Par ailleurs, la Cour Internationale de Justice rappelle, dans son avis consultatif du 16 octobre 1975, que le principe de libre autodétermination doit s'appliquer immédiatement à toutes les situations coloniales (paragraphe 55 de l'avis consultatif sur le Sahara occidental). Et la cour de conclure que le processus de décolonisation envisagé par l'Assemblée générale de l'ONU est un processus qui respectera le droit des populations du Sahara de déterminer leur statut politique futur par la libre expression de leur volonté. Ce droit à l'autodétermination n'est pas modifié par la requête pour avis consultatif et constitue un élément de base des questions adressées à la cour par l'Assemblée générale. Le Maroc traverse un moment des plus délicats dans sa quête de maintenir le statu quo au Sahara occidental.

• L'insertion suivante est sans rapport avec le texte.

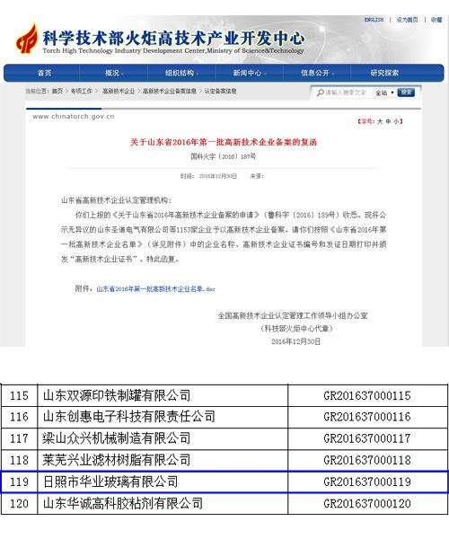 根據(jù)全國高新技術(shù)企業(yè)認(rèn)定管理工作領(lǐng)導(dǎo)小組辦公室《關(guān)于山東省2016年第一批高新技術(shù)企業(yè)備案的復(fù)函》,我公司被認(rèn)定為“國家級高新技術(shù)企業(yè)”。

Pour la énième fois, le gouvernement marocain mène une large campagne contre l'Envoyé personnel du Secrétaire général de l'ONU pour le Sahara occidental, le chevronné diplomate américain, Christopher Ross, pour le pousser maladroitement à la sortie, pratique désormais connue qui rappelle l'épisode de James Baker, dont la démission a réjoui le Maroc.
Il est malheureux de constater que les relations bilatérales algéro-marocaines et la construction maghrébine ont fait les frais de la stratégie de la tension et de la politique de la rupture que nos voisins marocains
entretiennent savamment et cultivent avec une rare constance pour tenir en otage la destinée des peuples maghrébins avec le vain espoir de voir l'Algérie renier sa position de principe sur la question du Sahara occidental qui est conforme, je le précise, à la stricte légalité internationale.
En guise de conclusion
Comment expliquer sinon, cette peur panique du Maroc à l'approche de rendez-vous cruciaux, en octobre prochain et en avril 2015, où l'Envoyé personnel du Secrétaire général de l'ONU, M. Christopher Ross, devra faire rapport au Conseil de sécurité sur la question du Sahara occidental dans le cadre de l'évaluation de tout le processus politique avec, a la clé, la possible redéfinition des paramètres devant guider la recherche d'une solution à la question du Sahara occidental qui soit en conformité avec la légalité internationale et qui
reléguerait aux oubliettes la thèse unilatérale et déséquilibrée de l'autonomie sur laquelle le Maroc a tant investi. C'est cette perspective douloureuse qui explique la rage et le désarroi de Mezouar qui en est réduit aux gesticulations paniquées et aux réactions hystériques visant à rendre l'Algérie responsable de l'impasse que connaît le processus de règlement de ce conflit et que tous les observateurs neutres imputent à l'entêtement du Maroc à faire entériner un fait colonial. Il est clair, que nulle fuite en avant ni aucune invocation «d'option périlleuse» ne pourront exonérer le Maroc de sa responsabilité, pleine et entière, quant à l'hypothèque de l'avenir de la région dont il sera seul comptable devant l'histoire.